WR 540 Advanced Nonfiction Writing
Instructor: Elena Passarello
WR 540 is the graduate creative writing workshop for students admitted to the MFA program in nonfiction. For this particular section, students will generate five essays in quick succession in response to five creative prompts. These will receive “open” workshops, leading up to the creation of one longer piece near the end of the term, which will receive a formal workshop. Students not enrolled in the MFA nonfiction program must contact the instructor and submit a sample for approval before registering.
WR 541 Advanced Poetry Writing
Instructor: David Biespiel
Fall Workshop is limited to graduate students who have been accepted into Oregon State University's Master of Fine Arts program in Creative Writing. Fall Workshop is focused on writing in a “lab” environment, with less emphasis on traditional critique and critical feedback. Emphasis for Fall 2020: Memory and the Imaginary. Our focus will be on writing through observation, with discussion and demonstration-writing studies designed to include various techniques to experiment, to frame your future poems, to draw out the details of place, memory, and invention, to use images to make fresh comparisons, and to pay attention to landmarks that anchor your imagination. Fall Workshop is designed to hone your concentration on details and the language that comes from those details. Our focus will be almost entirely on making new pieces of writing to be revised later, as well as laying the foundation for winter term’s Craft Class on the subject of the history and uses of metaphor.

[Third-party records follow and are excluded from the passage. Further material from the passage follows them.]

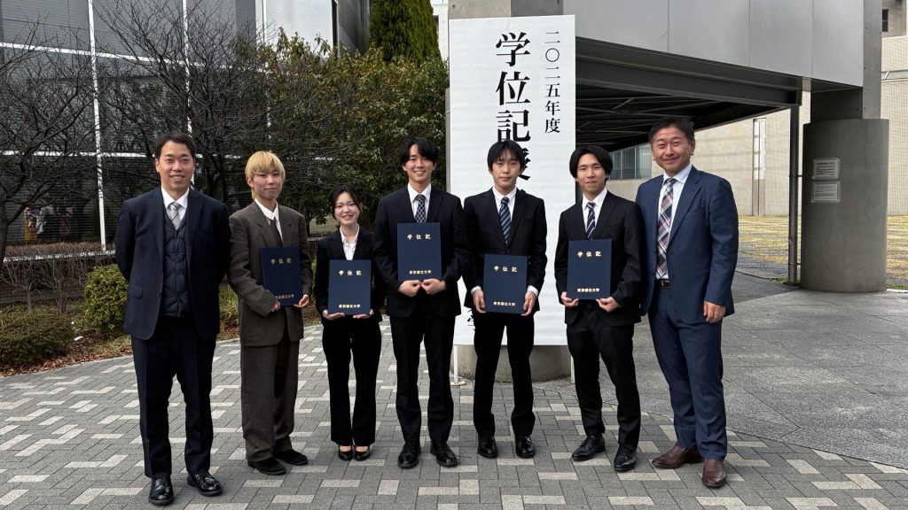 研究室から博士2名、修士5名、学士6名それぞれに学位が授与されました。おめでとうございます。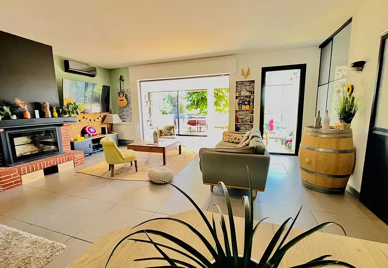 Cette pièce très lumineuse est en double exposition, d’un côté elle s’ouvre sur une terrasse en bois avec une vue sur les Pyrénées et de l’autre coté elle nous offre une seconde terrasse ouvrant sur le jardin et sur la piscine.
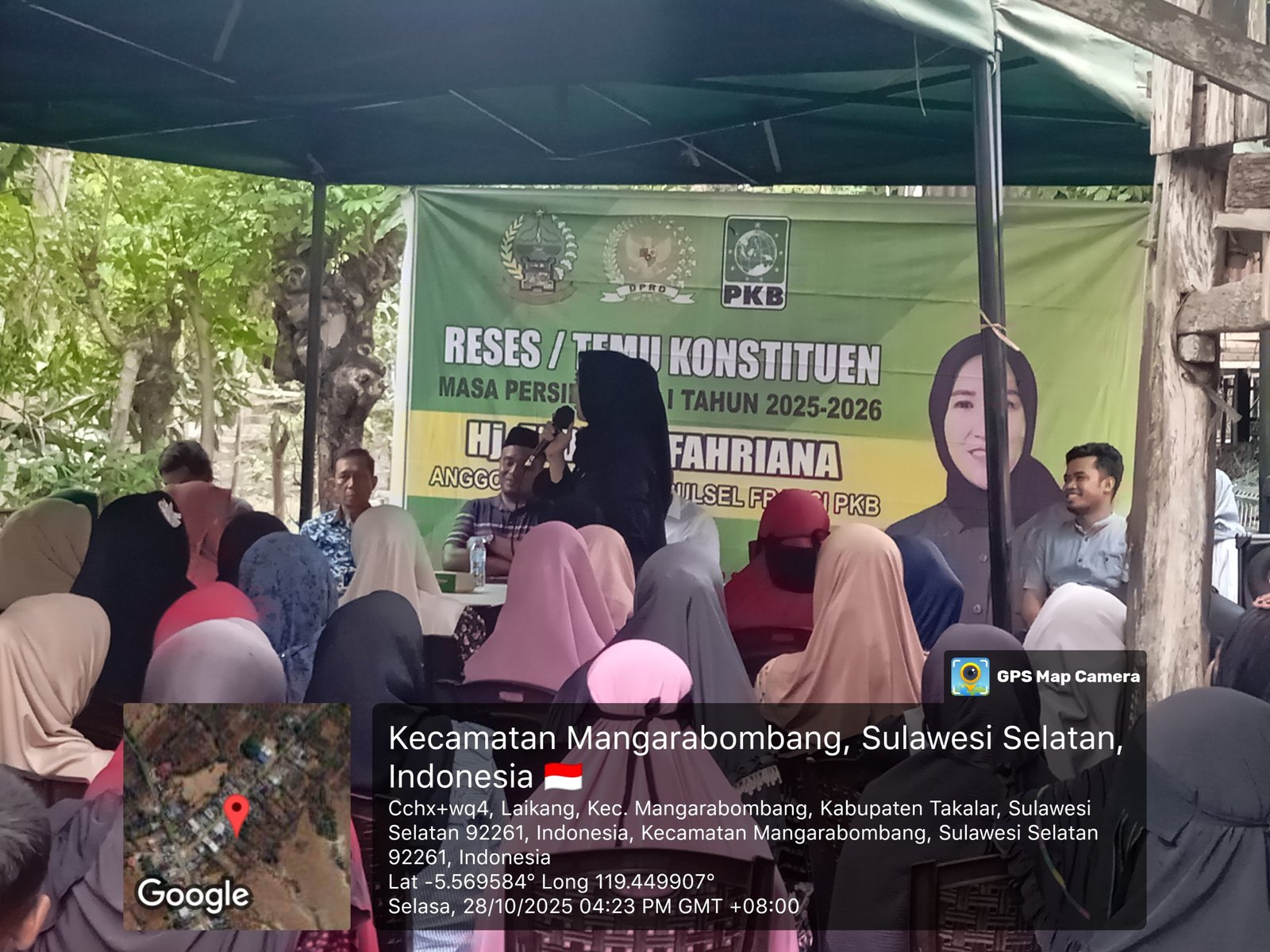 Selasa 28 Oktober 2025 Anggota DPR Provinsi Sul-sel Hj.Fadila Fahriana gelar reses di desa laikang kecamatan laikang kabupaten takalar.

WR 595 Introduction to Literacy Studies
Instructor Ana Ribero
This course introduces students to the field of literacy studies. The class approaches literacy from a critical perspective, looking to question dominant narratives about literacy and to unveil the ways such narratives are implicated in colonization and oppression.

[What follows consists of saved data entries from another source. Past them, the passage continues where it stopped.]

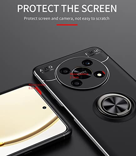 SEEKO Cover per Honor Magic4 Lite 5G, Protettiva Custodia con 360° Anello Supporto, Ultra Sottile Silicone TPU Bumper Antiurto AntiGraffio Case - Nero/Nero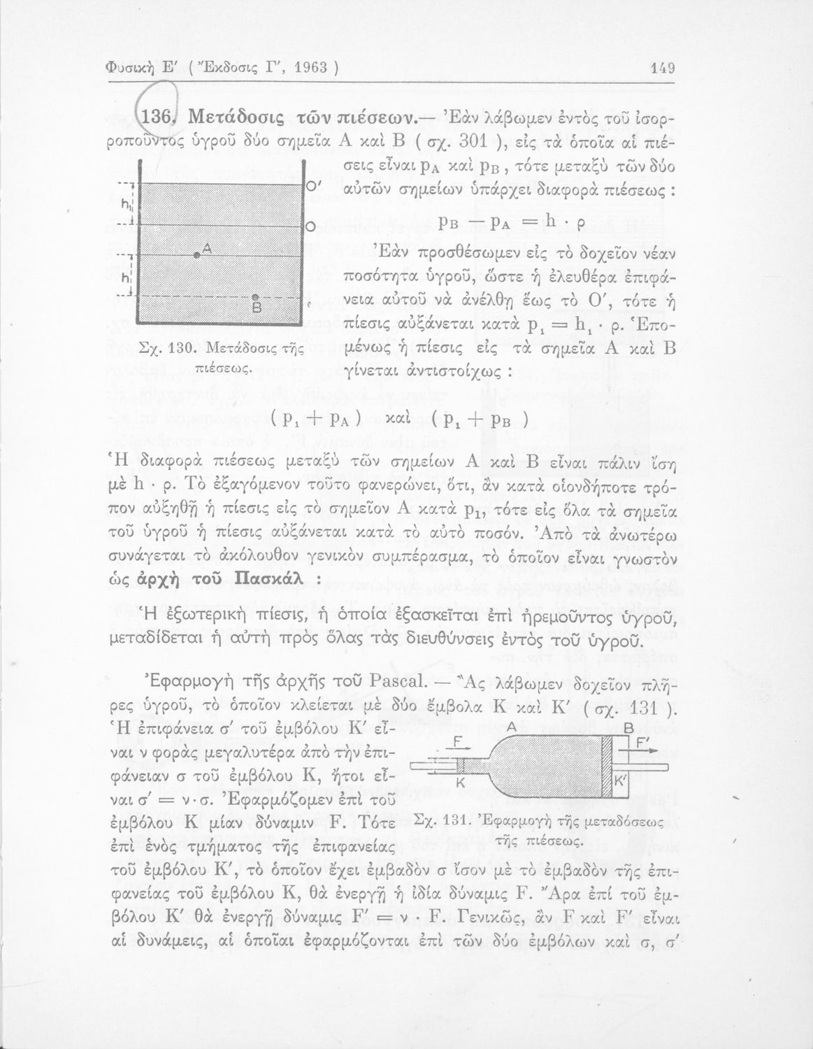 Σχολικό εγχειρίδιο της Ε΄ Τάξης των Γυμνασίων Παλαιού Τύπου για το μάθημα της Φυσικής. Παρέχει βασικές γνώσεις της Φυσικής επιστήμης. Αναλύει τα φαινόμενα της μηχανικής, της βαρύτητας, της υδροστατικής της ...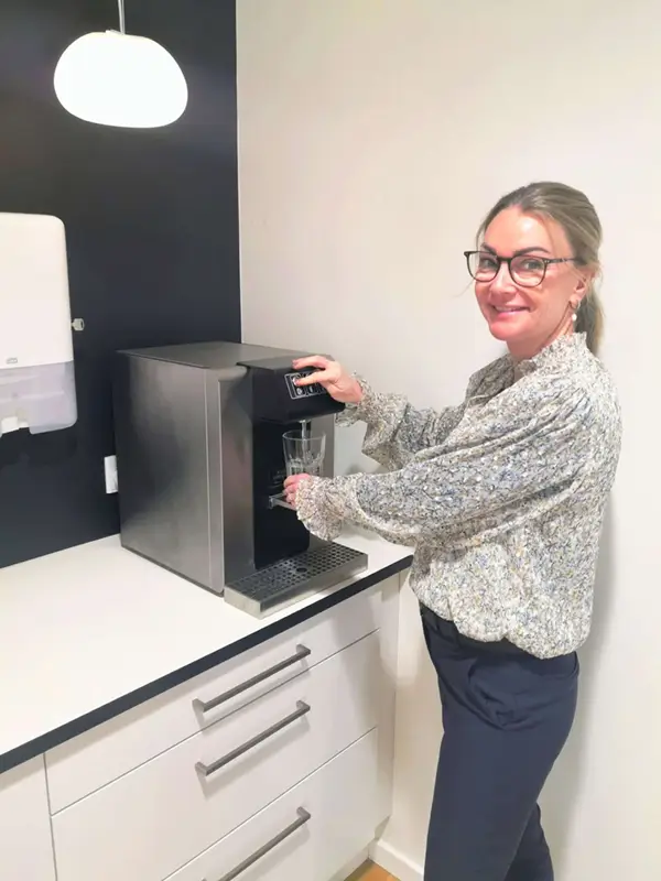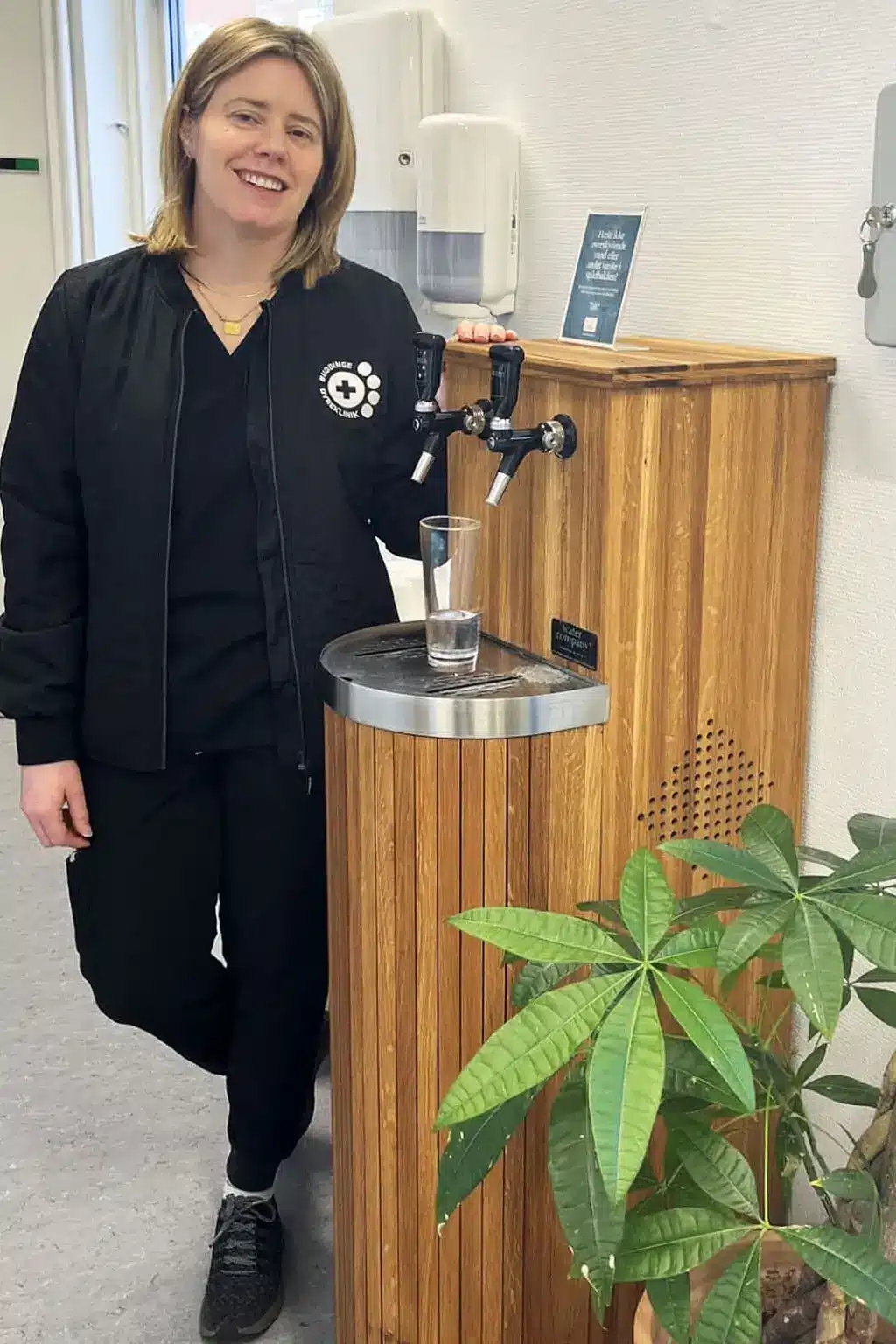 Katie er stolt af at have indført sundere vaner på klinikken. Flere medarbejdere havde efterspurgt vand med brus – og det leverer vandautomaten nu hver dag.
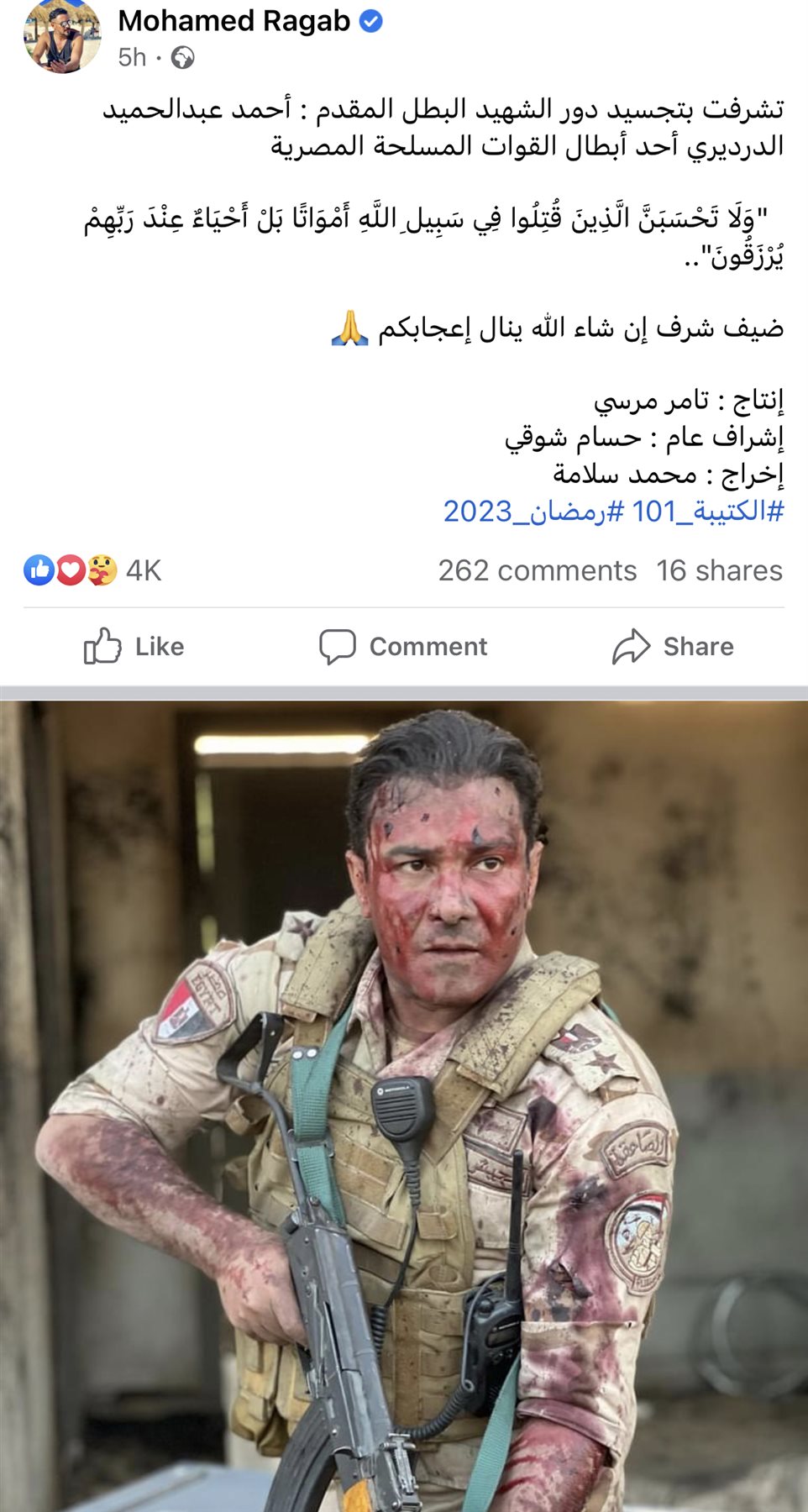 قال الفنان محمد رجب في منشور له على صفحتة بالفيس بوك تشرفت بتجسيد دور الشهيد البطل المقدم: أحمد عبدالحميد الدرديري أحد أبطال القوات المسلحة المصرية "وَلَا تَحْسَبَنَّ الَّذِينَ قُتِلُوا فِي سَبِيلِ اللَّهِ أَمْوَاتًا بَلْ أَحْيَاءٌ عِنْدَ رَبِّهِمْ يُرْزَقُونَ".

WR 597 Digital Literacy and Culture
Instructor: Kristy Kelly
Digital Literacy and Culture examines the relationships between human expression and the technologies we use to mediate those expressions. This class will explore the various literacy practices that shape our experiences of writing, thinking, and meaning-making in this age of information. We will trace the historical and cultural lineages of digital technologies, thinking through the ways that social networks, smartphones, and digitized mass media have reshaped the means and ends of cultural production. While our focus will be on how literacies have both changed and been influenced by specific technologies, we’ll also address the production, reception, and transmission of cultural texts, both analog and digital. Beyond simply defining “new media,” we’ll consider how technologies affect subjectivity, agency, power, community, relationships, careers, and cognition.

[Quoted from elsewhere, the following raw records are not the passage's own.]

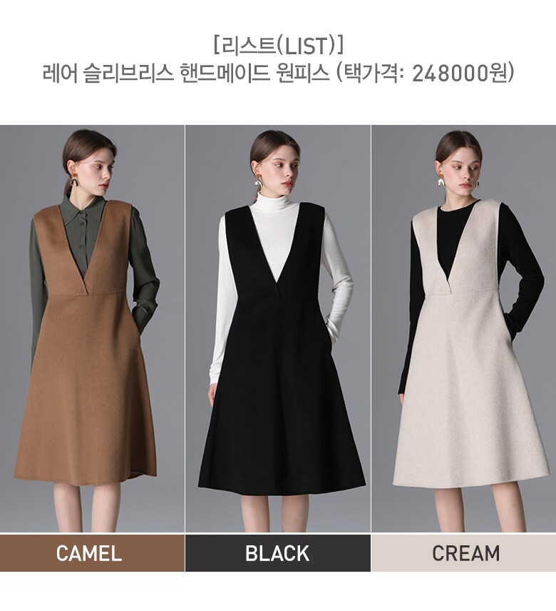 [리스트(LIST)] 레어 슬리브리스 핸드메이드 울원피스 (택가격: 248000원)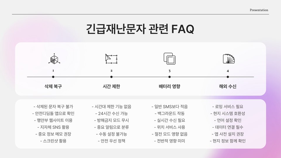 또한, 긴급재난문자는 국가 재난 관리 시스템의 일환으로 운영되므로, 모든 사용자들은 이 내용을 숙지하고 있어야 합니다.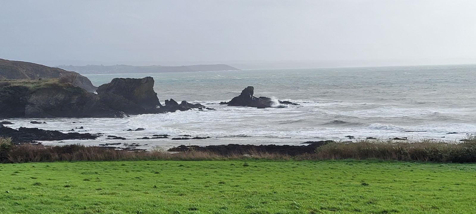 TELGRUC SUR MER -En campagne proche de la mer - Corps de ferme bien tenu offrant une agréable vue sur mer et composé d'une maison d'habitation ayant cuisine-salle à manger, 1 salon-séjour, 5 chambres, salle d'eau et wc, une maison annexe à rénover, hangar et jardin sur 1461m².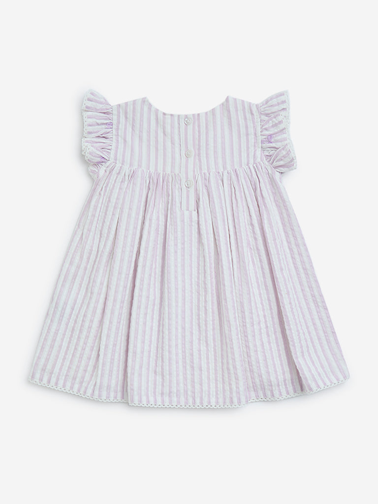 HOP Baby Lilac Seersucker Striped Cotton Empire-Line Dress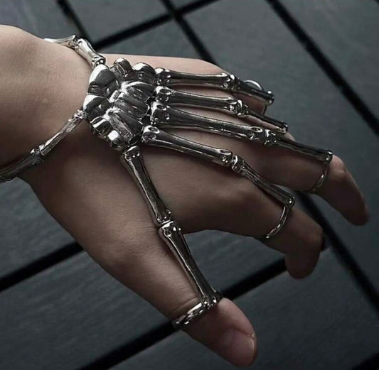 Punk Style Metal Hand Bone Shape Bracelet + Ring Integrated Design Dark Gothic Imitation Hand Bone Structure Covers Back Of Hand And Fingers Unique Cool Style -Silver
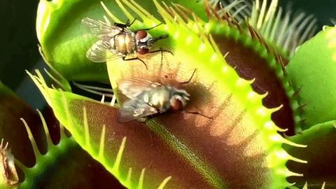 捕蝇草,是自然界中少数的几种食肉植物之一,它们的叶片上有多根触角,一旦有昆虫触碰到这些触角,叶片就会在不到一秒的时间里合拢,将小昆虫关在其中,直到它被叶片中的腺体分泌出来的消化液消化掉。有时连青蛙或小鸟等动物都会成为它们的腹中物。

WR 599 Special Topics: Thesis and Dissertation Writing
Instructor: Ray Malewitz
Students who enroll in this course must be at the writing stage of their project. This is not an introduction to the thesis or dissertation. Learning Outcomes:
You will learn and practice new habits of writing that help completion of a thesis or dissertation.
You will gain understanding of the purpose and rhetorical situation of a thesis.
You will draft, develop, and revise a specific section of your thesis.
You will participate in peer review with other thesis writers.
You will develop a schedule for the completion of your project and troubleshoot problems that have slowed you down.
You will learn methods for dealing with stress and paralysis.
You will learn to use self-assessment to discipline your writing process.
You will meet individually in conference with the professor at least every other week to examine your progress on the thesis and address problems.